Ceylan is a world traveler. She completed her Bachelor’s degree in her home country of Turkey before she traveled to Germany for her Master’s and Belgium for her Ph.D. Her doctoral work was at the intersection of social psychology and neuroscience, which eventually lead to her interest in social media, fake news, and online learning. When she saw the postdoc job posting at MSU to do research on the brain and social media, she knew it was for her. Despite all her travel, Ceylan says she doesn’t consider herself very adventurous- except when it comes to changing locations, which she tends to do every couple of years.

When she moves to a new place, Ceylan doesn’t do any research in advance. She noted that many things about new places could cause her to be fearful so instead, she prefers to be surprised. When she got her position at MSU, her move to East Lansing was no exception. She rode the Michigan Flyer into town, noting how rough the roads were and comments fellow passengers made about how cold Michigan winters are, but her Belgian husband (who now works at the University of Michigan) was able to move with her and he enjoys the MI microbrew industry.

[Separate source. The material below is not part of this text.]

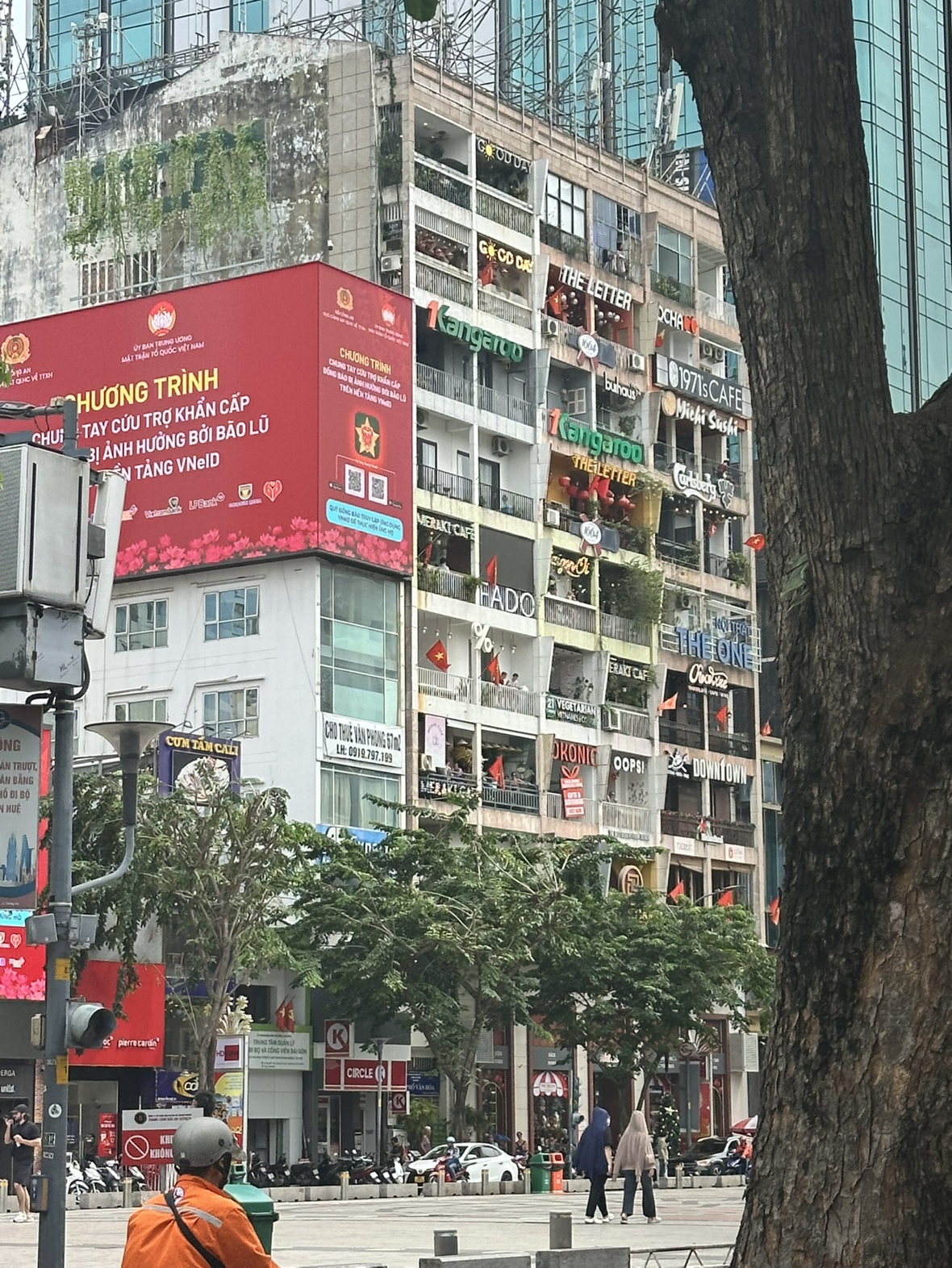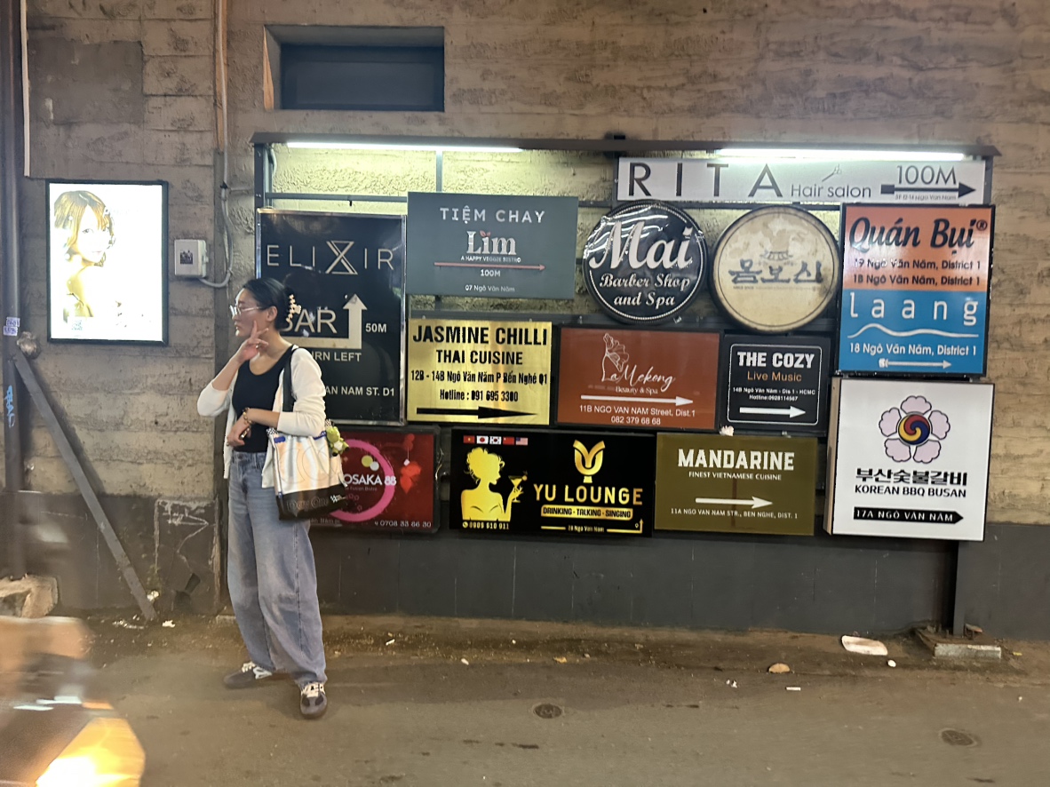 ベトナムならではの街並みを背景に、旅の思い出を写真に収めました。

Regardless of a somewhat unexpected start, Ceylan shared that she has found her time at MSU to be very fulfilling. She even went as far as to say she wished she had completed her Ph.D. here because of all the professional development workshops offered by the Graduate School. For Ceylan, this is evidence that MSU cares about its students and want to make sure they have a voice; an aspect of her graduate experience that was missing. As she transitions between a graduate student and a faculty member, she appreciates the social community that exists at MSU and has found the Postdoc Association to be a great place to find caring people and network with other professionals. Before coming to the U.S., Ceylan notes that there were some English words that just didn’t resonate with her, such as “diversity”. After coming to MSU, she has realized the importance of diversity and notes that while many people feel MSU is not diverse enough, “this is the most diverse place I have ever been.” Exposure to various racial/ethnic identities, cultures, ideas, and other international students has been a huge plus of Ceylan. “I’ve never received a message from other institutions saying ‘welcome, what can we do to help you’,” she says.

When it comes down to it, Ceylan just wants to be respectful of others. She tries to help people feel more confident by stressing their strengths in certain areas, but always feels that if someone asks her for a critique she wants to provide constructive feedback so they can continue to grow. People reach out to Ceylan from her previous homes to ask questions about academics and she always tries to advise them. One platform she uses to do so is a YouTube channel where she discusses articles and debunks myths about the brain. “If I reach one person,” Ceylan says, “then it is a success for me.” In the future, she wants to start a scholarly-practice based “behavior change lab” where research informs the approach “not for science, not for research, but for people” says Ceylan. Using everyday support to help people change their behavior is a new method of psychological consultation that she imagines will be at the core of her lab.